Un investigador asturiano descubre el caracol #MeToo

El catedrático de Zoología Jesús Ángel Ortea localiza un ejemplar que adquiere un tono violeta, el símbolo de la lucha de género, en una cueva submarina de La Palma

Jesús Ángel Ortea Rato
Jesús Ángel Ortea Rato

Santa Cruz de Tenerife

Un pequeño caracol marino de apenas 3 milímetros descubierto en una cueva de La Palma -una nueva especie para la ciencia del género «Gibberula»- ha sido bautizado como «Metoo» porque al ser conservado en alcohol su color adquiere un tono violeta, símbolo de la lucha por la igualdad de género. El animal fue hallado en diciembre de 2018 en las cuevas submarinas del Infierno, en la isla canaria de La Palma, por los investigadores Jesús Ángel Ortea, de la Universidad de Oviedo, y por Leopoldo Moro, del Servicio de Biodiversidad del Gobierno de Canarias.

Precisamente ambos indican en una entrevista a EFE que esta nueva especie para la ciencia pertenece al género «Gibberula», derivado del latín «gibber» que significa encorvado, ajustado al perfil curvado de las conchas, un perfil femenino.
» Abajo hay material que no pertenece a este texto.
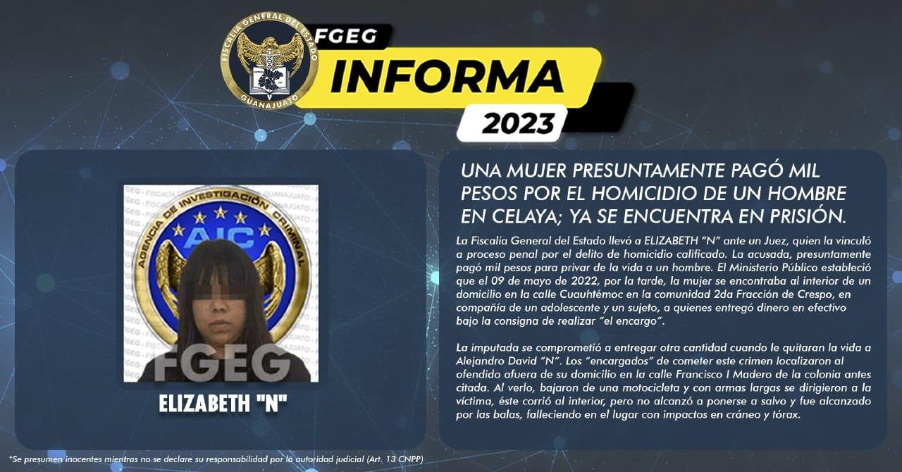 La Fiscalía General del Estado llevó a ELIZABETH “N” ante un Juez, quien la vinculó a proceso penal por el delito de homicidio calificado. La acusada, presuntamente pagó mil pesos para privar de la vida a un hombre. El Ministerio Público estableció que el 09 de mayo de 2022, por la tarde, la mujer se encontraba al interior de un domicilio en la calle Cuauhtémoc en la comunidad 2da Fracción de Crespo, en compañía de un adolescente y un sujeto, a quienes entregó dinero en efectivo bajo la consigna de realizar “el encargo”.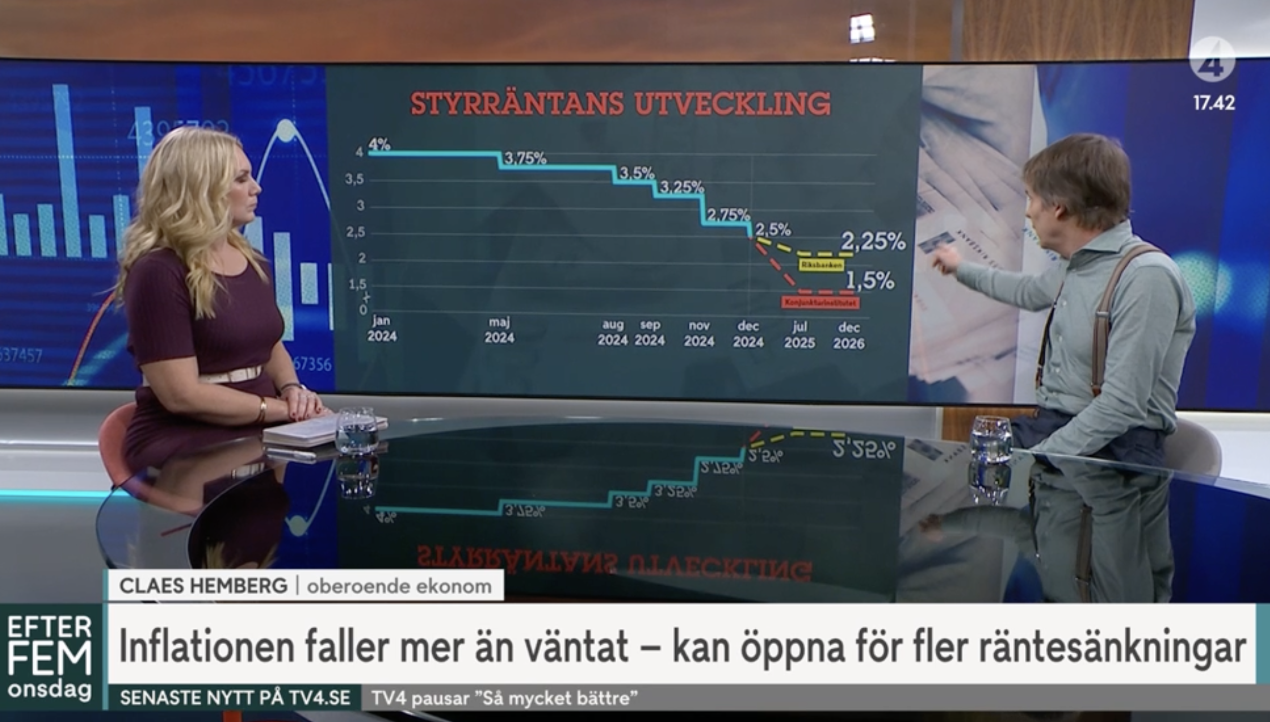 Sveriges och svenskarnas ekonomi bli betydligt bättre och roligare 2025. Det säger prognoserna. Men kanske ropar vi Hej för tidigt. Några frågetecken finns i rockärmen. Det diskuterade vi på Tv4 (17.39).

Los investigadores recolectaron tres ejemplares que han sido depositados en el Museo de la Naturaleza y Arqueología de Santa Cruz de Tenerife y en los ejemplares secos y con el animal dentro de la concha, la superficie es opaca, estriada y con una tonalidad rosada, que es más acentuada cuando el animal está conservado en alcohol porque el manto adquiere una coloración púrpura. En los animales vivos, la última vuelta es de color castaño, casi uniforme y poco transparente, aunque se pueden distinguir tres bandas claras que desaparecen cuando secan o se conservan en alcohol.
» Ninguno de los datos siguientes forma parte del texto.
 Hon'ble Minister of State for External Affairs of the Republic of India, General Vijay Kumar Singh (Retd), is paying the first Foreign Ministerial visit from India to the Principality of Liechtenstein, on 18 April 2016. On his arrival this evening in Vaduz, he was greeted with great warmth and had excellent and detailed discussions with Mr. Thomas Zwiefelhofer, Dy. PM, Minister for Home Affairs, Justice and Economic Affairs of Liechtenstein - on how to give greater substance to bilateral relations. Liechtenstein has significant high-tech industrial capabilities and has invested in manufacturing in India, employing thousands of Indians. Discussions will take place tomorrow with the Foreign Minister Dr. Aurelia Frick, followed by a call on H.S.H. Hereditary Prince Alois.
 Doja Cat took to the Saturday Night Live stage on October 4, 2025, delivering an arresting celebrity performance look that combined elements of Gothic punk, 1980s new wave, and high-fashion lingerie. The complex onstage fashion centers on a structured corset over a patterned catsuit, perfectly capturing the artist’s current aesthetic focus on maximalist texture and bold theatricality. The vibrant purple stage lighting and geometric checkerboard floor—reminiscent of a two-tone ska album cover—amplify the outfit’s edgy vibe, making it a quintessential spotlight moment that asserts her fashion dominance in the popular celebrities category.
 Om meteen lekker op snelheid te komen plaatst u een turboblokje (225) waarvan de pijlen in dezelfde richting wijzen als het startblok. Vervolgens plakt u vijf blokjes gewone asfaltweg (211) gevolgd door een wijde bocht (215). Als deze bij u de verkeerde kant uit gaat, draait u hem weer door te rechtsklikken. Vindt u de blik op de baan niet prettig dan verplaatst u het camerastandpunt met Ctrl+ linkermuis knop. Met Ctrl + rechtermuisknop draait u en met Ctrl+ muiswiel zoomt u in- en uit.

Al fijarlos en alcohol, el cuerpo de algunos ejemplares se vuelve de color púrpura y por ello los investigadores decidieron bautizar la nueva especie con la palabra «metoo», el grito de denuncia de la impunidad de los actos contra la dignidad de las mujeres y por su color violeta púrpura, el de la lucha por la igualdad. Al respecto, los investigadores llaman la atención sobre la gran similitud que hay entre la coloración de las conchas de los animales vivos de Gibberula metoo y Gibberula nuryana, ambas de ambientes cavernarios, pero sorprende lo diferentes que son sus conchas a igualdad de tamaño y lo distintos que son el pie y la cabeza de los animales vivos de ambas especies.

La forma y el color de la concha, los pliegues columelares, el labro y la coloración púrpura que adquiere el manto en alcohol, entre otros caracteres, separan a Gibberula metoo del resto de congéneres atlánticos de aspecto parecido. Los investigadores han publicado en la revista científica «Avicennia, revista de Biodiversidad tropical» un artículo titulado «Nuevos datos sobre Gibberula epigrus en las islas Canarias (Gastropoda: Cysticidae)», con la descripción de dos nuevas especies relacionadas, la citada «Metoo» y otro caracol marino de El Hierro, «Gibberula fatimae», este último localizad a 17 metros de profundidad en la zona de La Restinga. El caracol «Gibberula metoo» es el último en recibir una denominación relacionada con la lucha por la igualdad en las especies que han dedicado ambos biólogos marinos a mujeres, entre ellas a las 21 ganadoras del premio Príncipe de Asturias y que fueron colectadas en la caribeña isla de Guadalupe, y las dedicadas en 2017 a las Reinas de los Carnavales de Gran Canaria y Tenerife.